Пришлось просить у соседей кровати и гамаки, установить питание в девять смен, составить распорядок пользования купальней и одолжить сорок табуреток, чтобы девочки в синих форменных платьях и мужских башмаках не слонялись целый день взад-вперед по дому. Все шло из рук вон плохо: едва шумная ватага кончала с завтраком, как уже надо было кормить первые очереди обедом, а потом ужином; за всю неделю школьницы только и успели, что сходить на плантации. С наступлением ночи монашки выбивались из сил, чтобы загнать своих подопечных в постели, но, как ни старались, во дворе всегда оставалась целая толпа неутомимых отроковиц, распевающая унылые школьные гимны. Однажды девицы чуть не сбили с ног Урсулу, которая всегда появлялась со своими услугами именно там, где она больше всего могла помешать. В другой раз монашки подняли шум из-за того, что полковник Аурелиано Буэндиа помочился возле каштана в присутствии школьниц. А по вине Амаранты едва не возникла самая настоящая паника: когда Амаранта солила суп, в кухню вошла одна из монашек и ничего другого не придумала, как спросить, что это за белый порошок бросают в котел.
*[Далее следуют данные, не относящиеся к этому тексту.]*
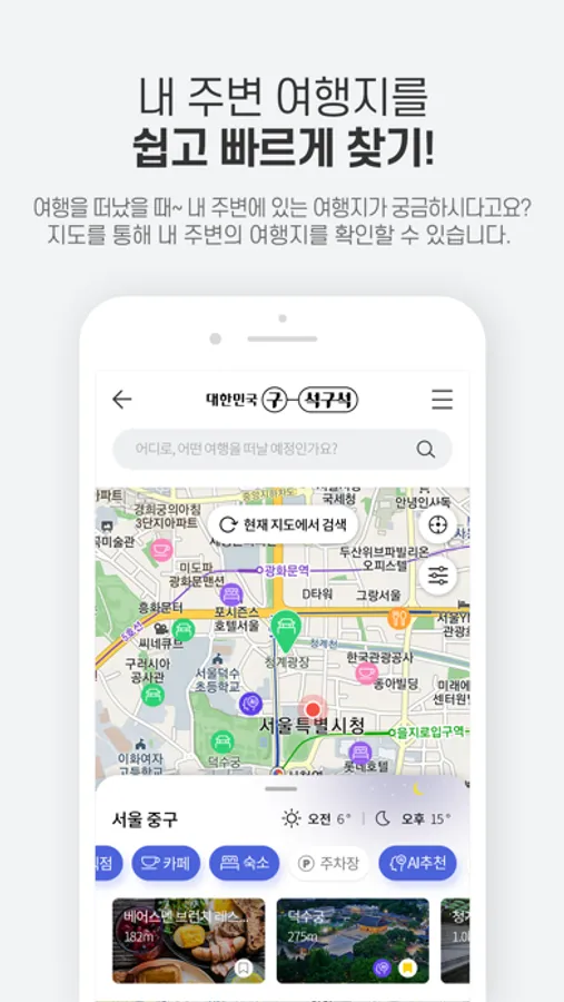 7) 사용자 위치를 기준으로(GPS) 관광지, 음식, 숙박, 축제/행사 등의 여행정보 제공 및 내비게이션/지도/길안내 서비스 제공
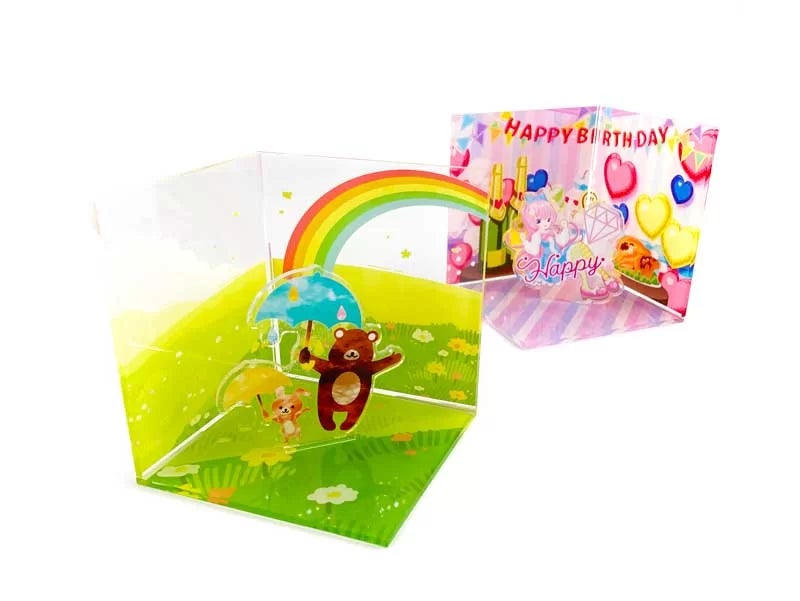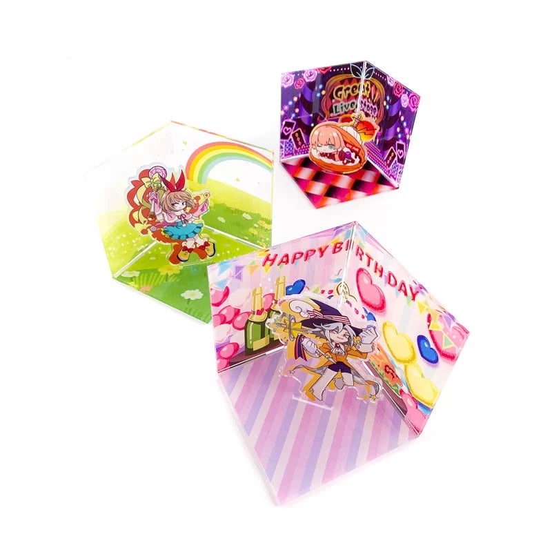 当店で作成いただいたアクリルフィギュア(アクスタ)専用の立体型アクリルステージは、アクスタの美しさを最大限に引き出すために設計された背景ジオラマです。
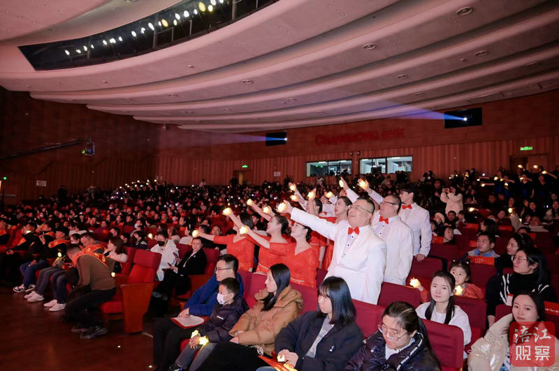 當(dāng)天19點(diǎn)30分,記者在音樂會現(xiàn)場看到,紅色的燈光照映著劇場,現(xiàn)場座無虛席。隨著一曲熱情昂揚(yáng)的《追著幸福飛》,音樂會的帷幕正式拉開,也奏響了新春的序曲。
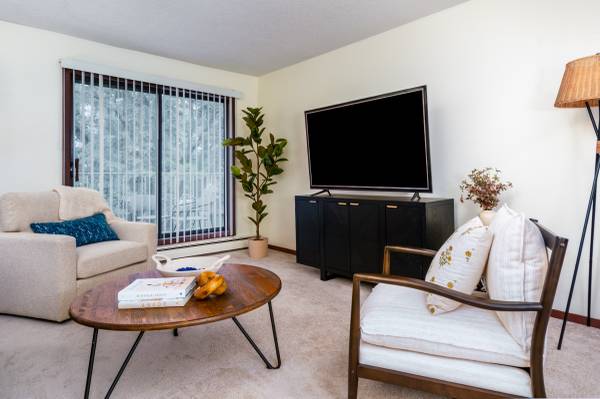 Living room, Dining room, Stove / Oven, Refrigerator, Dishwasher, Air Conditioning, Cable-ready, Paid Heat, Some Accessible Apartments On-Site.
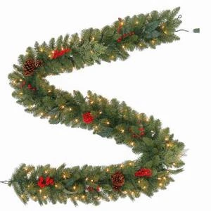 Martha Stewart Living 9 ft. Winslow Artificial Garland with 100 Clear Lights-GT90P4598C00 – Description
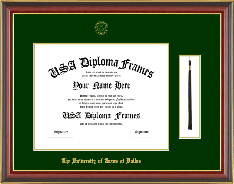 The University of Texas at Dallas Diploma Frame with Tassel – Cherry Mahogany Gold Trim Glossy – Winter Green and Gold Mat
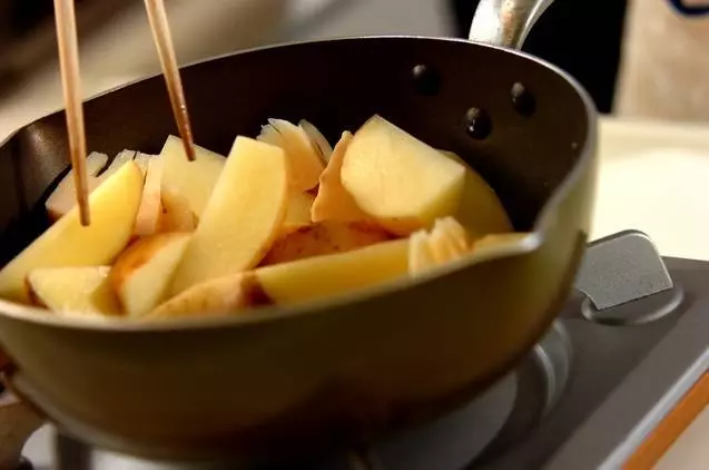 1、フライパンにバターを中火で熱して、新ジャガイモと水煮タケノコを焼く。
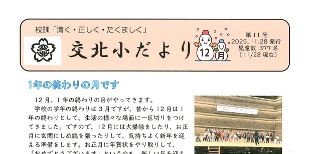交北小だより12月号をアップしました。こちらからご覧になれます。
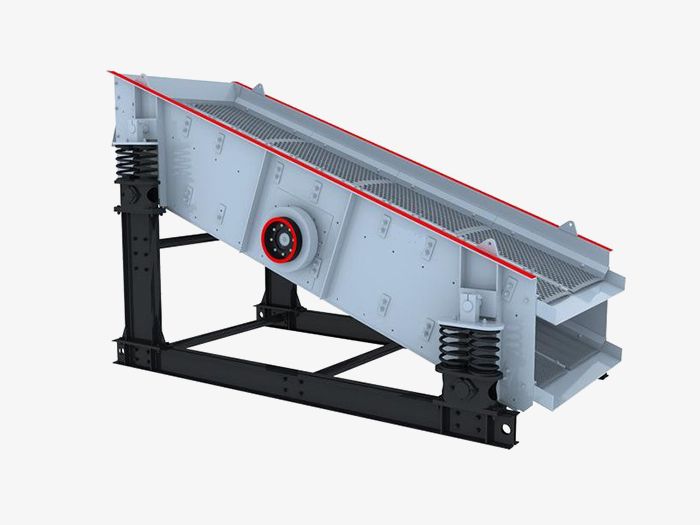 電動(dòng)機(jī)經(jīng)三角帶使激振器偏心塊產(chǎn)生高速旋轉(zhuǎn)。運(yùn)轉(zhuǎn)的偏心塊產(chǎn)生很大的離心力,激發(fā)篩箱產(chǎn)生一定振幅的圓運(yùn)動(dòng),篩上物料在傾斜的篩面上受到篩箱傳給的沖量而產(chǎn)生連續(xù)的拋擲運(yùn)動(dòng),物料與篩面相遇的過程中使小于篩孔的顆粒透篩,從而實(shí)現(xiàn)分級。
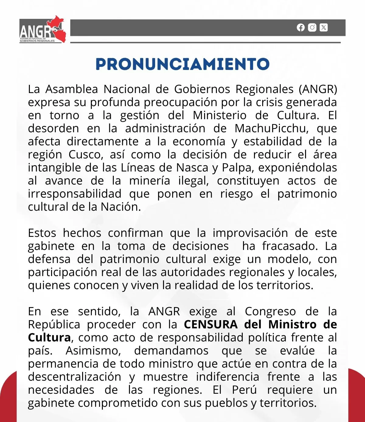 La ANGR exigió al Congreso que proceda con la censura política del ministro de Cultura, Fabricio Valencia. En su comunicado, criticó su gestión en Machu Picchu, la reducción del área intangible de las Líneas de Nasca y decisiones que, a su juicio, ponen en riesgo el patrimonio cultural. El organismo regional advirtió que evaluará la permanencia de ministros que ignoraren la descentralización. La moción parlamentaria contra Valencia incluye acusaciones por manejo irregular del patrimonio, contratos cuestionados y respuestas insatisfactorias ante el Congreso.
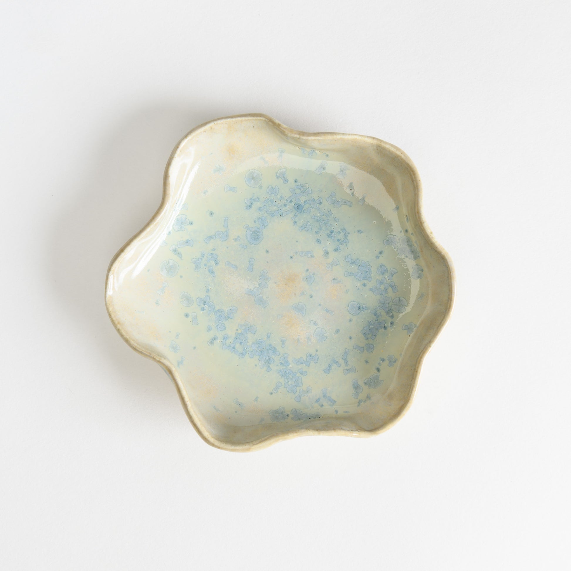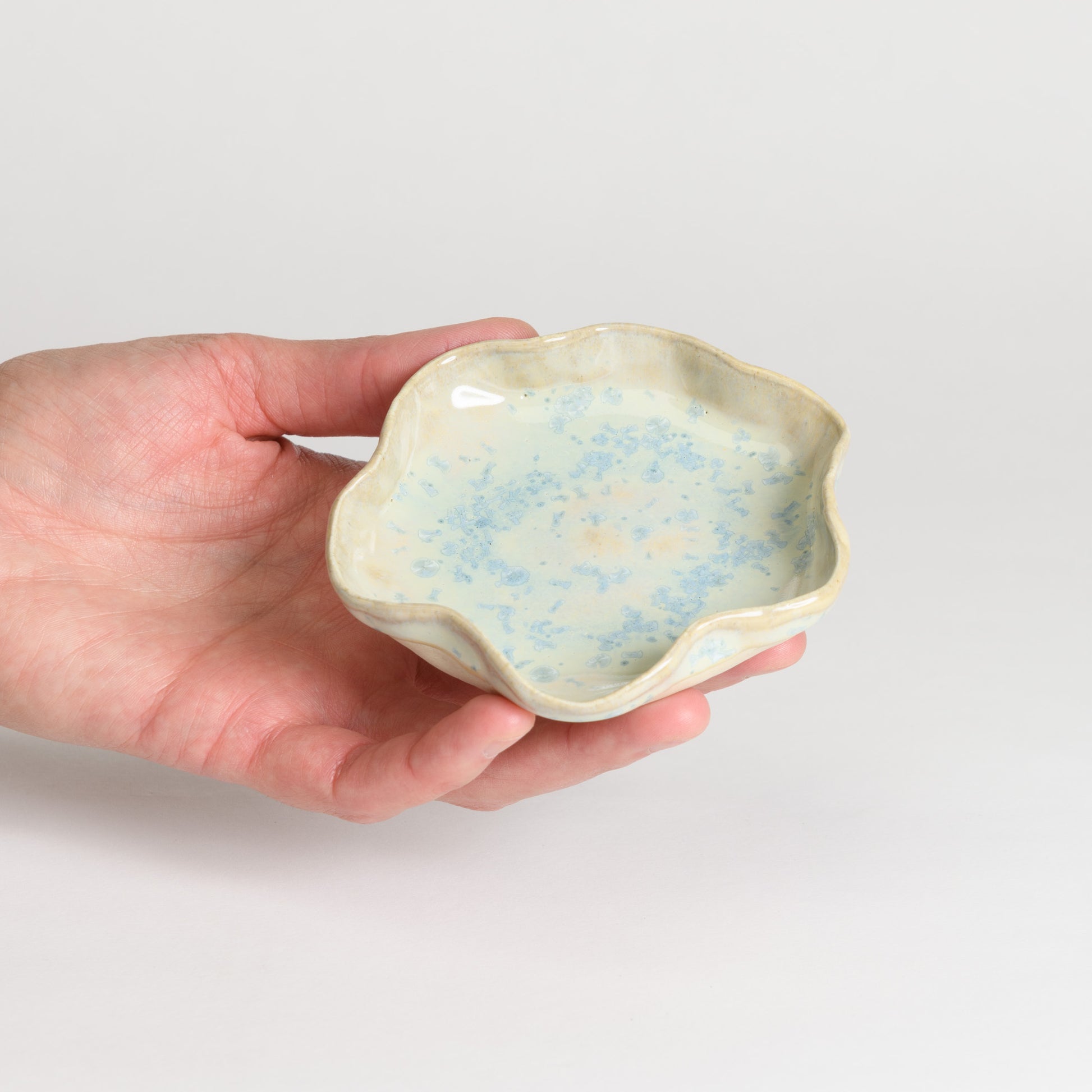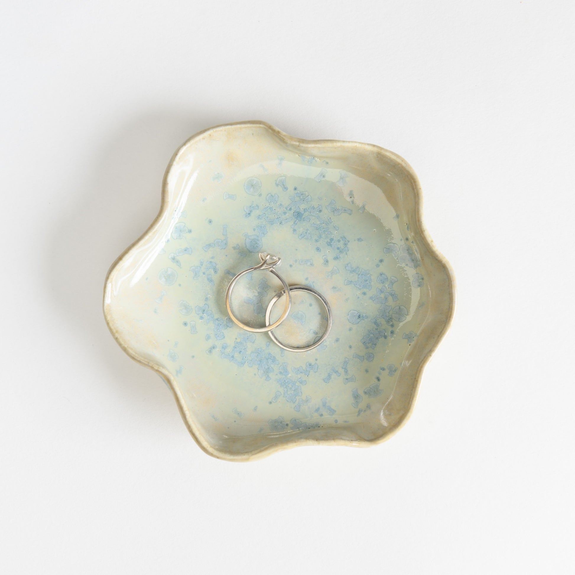 Glazed with a beautiful crystalline glaze, each jewellery dish has a unique pattern of baby blue crystals over a multi-tonal green, blue and cream background. No two are ever the same!

— Мышьяк, — ответила ей Амаранта.
В первый вечер школьницы замучились, пытаясь попасть перед сном в уборную, — около часу ночи последние из них только еще туда входили. Тогда Фернанда купила семьдесят два горшка, но добилась этим лишь того, что превратила ночную проблему в утреннюю: теперь с самого рассвета около уборной выстраивалась длинная вереница девочек с горшками в руках — каждая ждала очереди помыть свою посудину. Хотя некоторые из школьниц простудились, а у других на покусанной москитами коже вздулись пузыри, большинство проявило непоколебимую стойкость перед лицом тягчайших испытаний, и даже в самые жаркие часы дня они ухитрялись бегать по саду. К тому времени, когда гости наконец уехали, все цветы были вытоптаны, мебель сломана, стены покрыты рисунками и надписями, но Фернанда была так рада отъезду, что простила причиненный ущерб. Кровати и табуретки она вернула соседям, а семьдесят два горшка составила штабелями в комнате Мелькиадеса. Заброшенное помещение, вокруг которого в былые времена вращалась вся духовная жизнь дома, стало с тех пор известно под названием «горшечной комнаты». По мнению полковника Аурелиано Буэндиа, название было самое подходящее, ведь, хотя вся семья продолжала удивляться, что жилище Мелькиадеса недоступно для пыли и разрушения, полковнику оно казалось просто свалкой. Как бы то ни было, но он, видимо, вовсе не интересовался, на чьей стороне правда, и о постигшей комнату судьбе узнал лишь потому, что Фернанда целый день бегала мимо него с горшками и мешала ему работать.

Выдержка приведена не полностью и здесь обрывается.